Since the selection of pretreatment fragment is needed in track retention amount and to weigh between anonymous data quality, the present invention exists Different pretreatments fragment is used in preprocessing process to be pre-processed respectively, to form several equivalence class groups.It is testing Part carries out comprehensive analysis to its each index, and a selected suitable pretreatment fragment is tested, kept to anonymous rail Mark Mass lost track inhibits data volume.
Algorithm 1 is the preprocessing process of initial trace, and input value is initial trace set Ts, and track pre-processes fragment value Pi exports as by corresponding pretreatment fragment treated track equivalence class, the trajectory time that each equivalence class is consistent Stamp.For each track track in data set, the beginning and ending time of first recording track stabs [tb,te], take i to be greater than t to meetbAnd The timestamp that mould Pi is 0 takes j to meet to be less than and terminating timestamp teAnd the timestamp that mould Pi is 0.Track is intercepted as [ti,tj] And it is put into same i, in the track equivalence class of j value.

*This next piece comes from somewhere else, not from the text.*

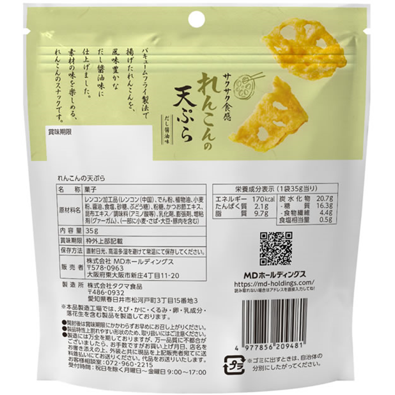 MDホールディングス れんこんの天ぷら 1袋※軽(ご注文単位1袋)【直送品】

Final all tracks are placed into corresponding i in equivalence class set entirely, in the equivalence class of j value, track in each equivalence class Have the identical beginning and ending time, note: data set time stamp of the present invention is continuous, i.e., if two track beginning and ending time stamps are consistent, it All timestamps it is consistent.

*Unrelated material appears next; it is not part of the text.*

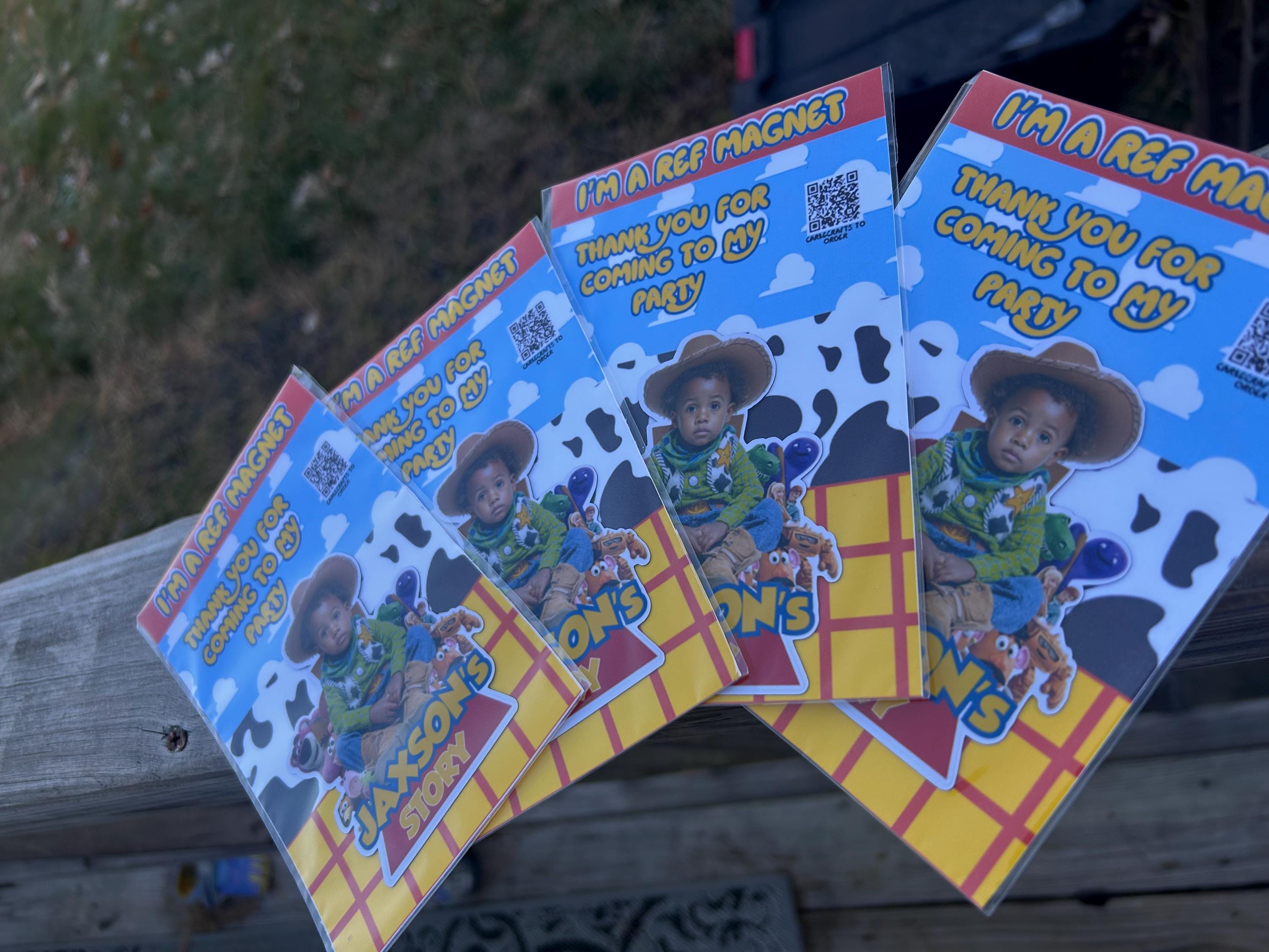 Whether you're planning a birthday party, baby shower, graduation, or a themed event, our magnets are fully personalized with your photo, name, age, and theme colors. This listing features a Toy Story–inspired design, perfect for fans of the adventurous, bright, playful look that matches the beloved movie aesthetic.

S2, track in each track equivalence class is clustered according to IMHDT distance metric, if being constituted in each equivalence class Dry track anonymity group, wherein tracking quantity is no less than k in each anonymity group;
The process of cluster needs to measure track in same timestamp equivalence class according to specific similarity function, rail Mark similitude is higher be divided into it is same to which in anonymous group, each anonymity group of components quantity is not less than k.The core of the process be as What determines the similitude of two tracks, the i.e. determination of track metric function.Classical metric function is Euclidean distance, first calculating pair The Euclidean distance of track sampled point on timestamp is answered, arithmetic average then is taken to the upper sampled point of all timestamps, the value That is the Euclidean distance of track.The present invention proposes a kind of new metric form IMHDT, the interpolation point under time-constrain Hausdorff distance (IMHDT) calculating process is as follows:
Wherein, dist (pa,pb) represent sampled point pa, pbThe distance between, interpolation pointMake dist (pa, ⊙) most It is small, generally sampled point paTo broken line pb-1pbVertical line.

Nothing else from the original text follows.